# Replogle 2022: Mapping Information-Rich Genotype-Phenotype Landscapes with Genome-Scale Perturb-seq

**Authors:** Joseph M. Replogle, Reuben A. Saunders, Angela N. Pogson, Jeffrey A. Hussmann, Alexander Lenail, Alina Guna, Lauren Mascibroda, Eric J. Norman, et al., Jonathan S. Weissman
**Year:** 2022
**Venue:** Cell, vol. 189 (2022)
**DOI:** 10.1016/j.cell.2022.05.013
**bioRxiv:** 2021.12.16.473013

## One-sentence summary

Genome-scale CRISPRi Perturb-seq targeting all ~10,000 expressed essential genes across 2.5 million human cells — the largest single-cell perturbation dataset and a foundational reference for Virtual Cell development.

## Key contribution

First **genome-scale** single-cell perturbation atlas. Previous Perturb-seq studies covered hundreds of genes; this covers ~10k essential genes in two human cell lines (K562 and RPE1), generating 2.5 million single-cell profiles. Creates a systematic map of gene function from transcriptional phenotypes.

## Experimental design

- **Cell lines:** K562 (myeloid leukemia) and RPE1 (retinal pigment epithelium)
- **Perturbation type:** CRISPRi (gene knockdown via dCas9-KRAB)
- **Scale:** ~10,000 expressed essential genes × 2 cell lines
- **Readout:** 10x scRNA-seq, ~2.5 million cells total
- **Design:** Single-gene knockdowns only (no combinatorial); 2 guide RNAs per gene

## Key findings

- Predicts function of **hundreds of previously uncharacterized genes** from transcriptional phenotypes
- Identifies new regulators of ribosome biogenesis, transcription, and mitochondrial respiration
- Reveals complex cellular phenomena: RNA processing, stress responses, differentiation trajectories
- Systematically identifies genetic drivers of aneuploidy
- Single-cell resolution reveals cell-state-specific responses (different subpopulations respond differently)

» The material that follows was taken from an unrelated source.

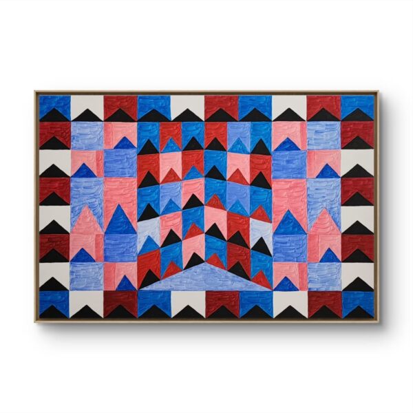 Uma obra que resgata técnicas clássicas com um olhar contemporâneo. Nesta criação exclusiva, Zi Facella utiliza a têmpera sobre tela para explorar formas, cores e texturas que homenageiam a estética modernista brasileira.
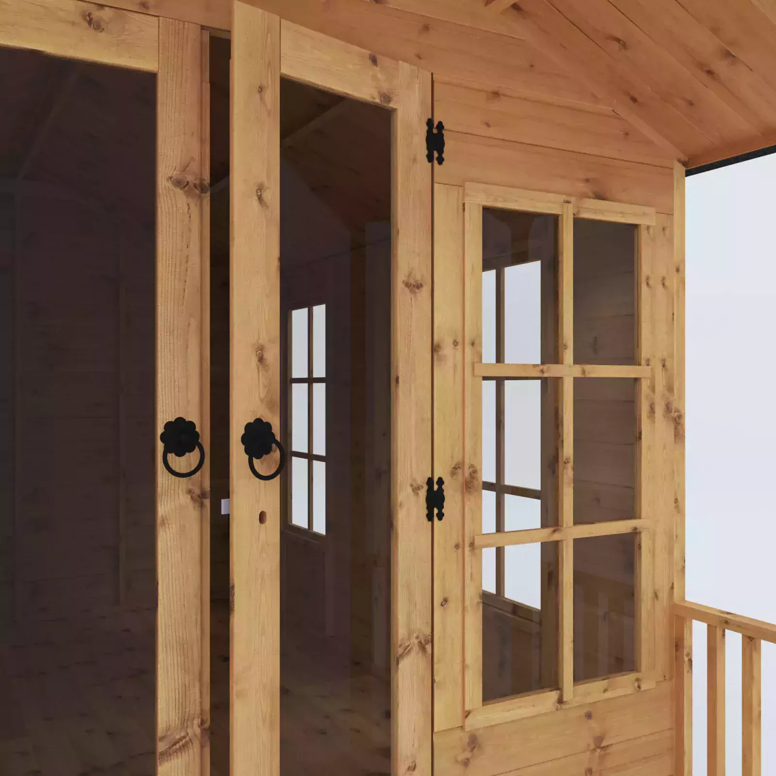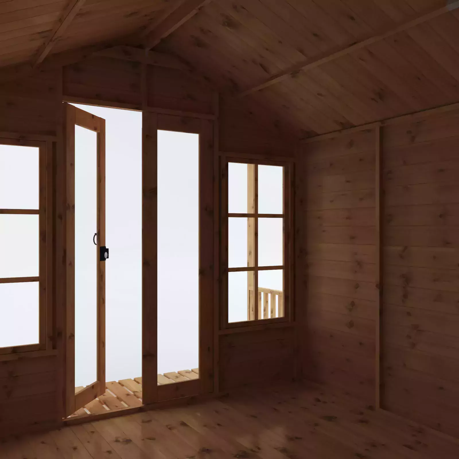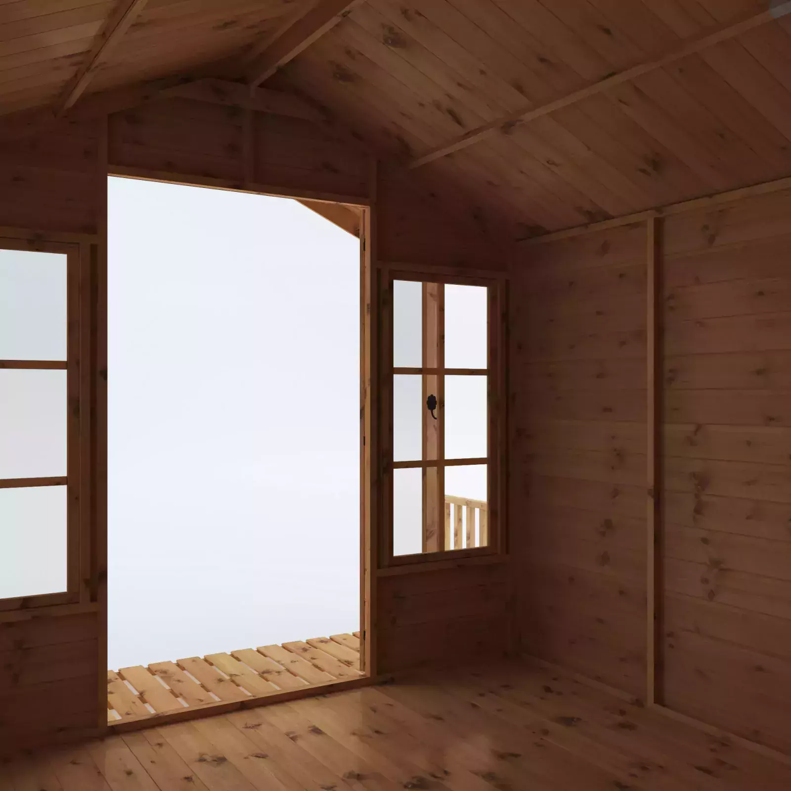 Four large styrene glazed windows allow light to flood the interior, and styrene glazed French doors open out onto the sheltered veranda, creating a light, airy and welcoming space to enjoy. The walls are constructed using premium horizontal interlocking tongue and groove boards with a shiplap profile.

## Significance for the field

This dataset is the **Perturb-seq atlas** that the field has been waiting for. It provides:
1. Ground truth for ~10k single-gene knockdowns
2. Two cell lines enabling some cross-context comparison
3. Scale sufficient to train/evaluate perturbation prediction models

## Current gap it highlights

Even this dataset only covers:
- 2 cell lines (both immortalized, neither primary)
- Single-gene knockouts only (no combinations, no drugs)
- CRISPRi (knockdown) only — no CRISPRa, no small molecules
- ~10k of ~20k human genes (essential genes only)

Still far from the causally rich, contextually diverse atlas needed for a generalizable Virtual Cell.

## Connections

- [../concepts/perturbation-biology.md](../concepts/perturbation-biology.md) — largest single resource in this space
- [../concepts/virtual-cell.md](../concepts/virtual-cell.md) — the data that makes Virtual Cell training possible
- [../papers/gears.md](gears.md) — uses Replogle as training data
- [../papers/norman-2019.md](norman-2019.md) — predecessor; combinatorial but smaller scale
- [../entities/weissman-lab.md](../entities/weissman-lab.md) — same lab
- [../entities/xaira-therapeutics.md](../entities/xaira-therapeutics.md) — Xaira aims to build a Replogle++ across many contexts

## Bo's notes

Replogle 2022 is currently the most commonly used "big" perturbation dataset. But from Xaira's perspective, it's still deeply limited: 2 cell lines, no combinations, no drugs, no disease context. The argument at Xaira is exactly this: Replogle-scale data, but diverse in context (primary cells, disease states, combination perturbations). That's what the Virtual Cell actually needs.